Your WSL2 AI endpoint is accessible from Windows at http://localhost:11435 — WSL2 forwards ports automatically.

# From Windows PowerShell
curl http://localhost:11435/api/tags    # see WSL2 AI models

Use WSL2 AI

Python (from Windows or WSL2)

from openai import OpenAI

# Same URL works from Windows and WSL2
client = OpenAI(base_url="http://localhost:11435/v1", api_key="not-needed")
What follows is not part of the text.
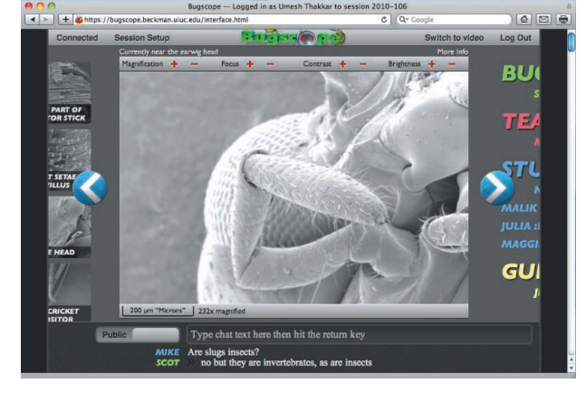
An illustration of live chat interaction. Students take control not only of the microscope but also of posing questions to experts (2010-106 session). Responses are intentionally made accessible for students in different grades.

A standard classroom light microscope allows a magnification of around 1000×. Bugscope, which permits high-resolution imaging at over 20,000×, presents a unique opportunity for classrooms to collect data while discovering and understanding insects. For example, second-grade students from Milwaukee, Wisconsin, after seeing their specimens at a magnification of up to 10,000×, had the chance to "broaden their exposure to deeper understanding of the structures insects possess and perhaps widen their basic understanding of the microscopic world" [p. 31 in (6)] (see the second figure).

# WSL2 handles the inference via NVIDIA GPU
response = client.chat.completions.create(
    model="qwen3.5:32b",
    messages=[{"role": "user", "content": "Write a Docker Compose file for a Python API"}],
    stream=True,
)
for chunk in response:
    print(chunk.choices[0].delta.content or "", end="")

VS Code + WSL2 AI

// .vscode/settings.json — Continue.dev configuration
{
  "continue.models": [{
    "title": "WSL2 Local",
    "provider": "openai",
    "model": "codestral",
    "apiBase": "http://localhost:11435/v1",
    "apiKey": "not-needed"
  }]
}

curl from WSL2

# WSL2 inference
curl http://localhost:11435/api/chat -d '{
  "model": "codestral",
  "messages": [{"role": "user", "content": "Refactor this Python function"}],
  "stream": false
}'

WSL2 + Docker AI workflow

Run Ollama in Docker on WSL2 for containerized AI:

# WSL2 Docker + Ollama
docker run -d --gpus all -p 11434:11434 ollama/ollama

# Herd routes between Docker Ollama and native Ollama
pip install ollama-herd
herd &
herd-node

WSL2 AI hardware guide

Windows PC	GPU	WSL2 AI models
RTX 4090 desktop	24GB shared with WSL2	`llama3.3:70b`, `qwen3.5:32b`
RTX 4080 desktop	16GB shared with WSL2	`phi4`, `codestral`, `qwen3.5:14b`
RTX 4060 laptop	8GB shared with WSL2	`phi4-mini`, `gemma3:4b`

WSL2 shares GPU memory with Windows. Close GPU-heavy Windows apps for more WSL2 AI vRAM.

WSL2 AI environment

# WSL2 Ollama optimization
export OLLAMA_KEEP_ALIVE=-1
export OLLAMA_MAX_LOADED_MODELS=-1

# Add to ~/.bashrc for persistence in WSL2
echo 'export OLLAMA_KEEP_ALIVE=-1' >> ~/.bashrc
echo 'export OLLAMA_MAX_LOADED_MODELS=-1' >> ~/.bashrc

Monitor WSL2 AI

# WSL2 fleet status
curl -s http://localhost:11435/fleet/status | python3 -m json.tool

# WSL2 health checks
curl -s http://localhost:11435/dashboard/api/health | python3 -m json.tool

Dashboard at http://localhost:11435/dashboard — accessible from both Windows browser and WSL2.

Also available on WSL2 AI

Image generation

curl http://localhost:11435/api/generate-image \
  -d '{"model": "z-image-turbo", "prompt": "developer workspace", "width": 1024, "height": 1024}'

Embeddings

curl http://localhost:11435/api/embed \
  -d '{"model": "nomic-embed-text", "input": "WSL2 Windows development AI"}'

Full documentation

Contribute

Ollama Herd is open source (MIT). WSL2 developers welcome:

Guardrails

WSL2 AI model downloads require explicit user confirmation.
WSL2 AI model deletion requires explicit user confirmation.
Never delete or modify files in ~/.fleet-manager/.
No models are downloaded automatically — all pulls are user-initiated or require opt-in.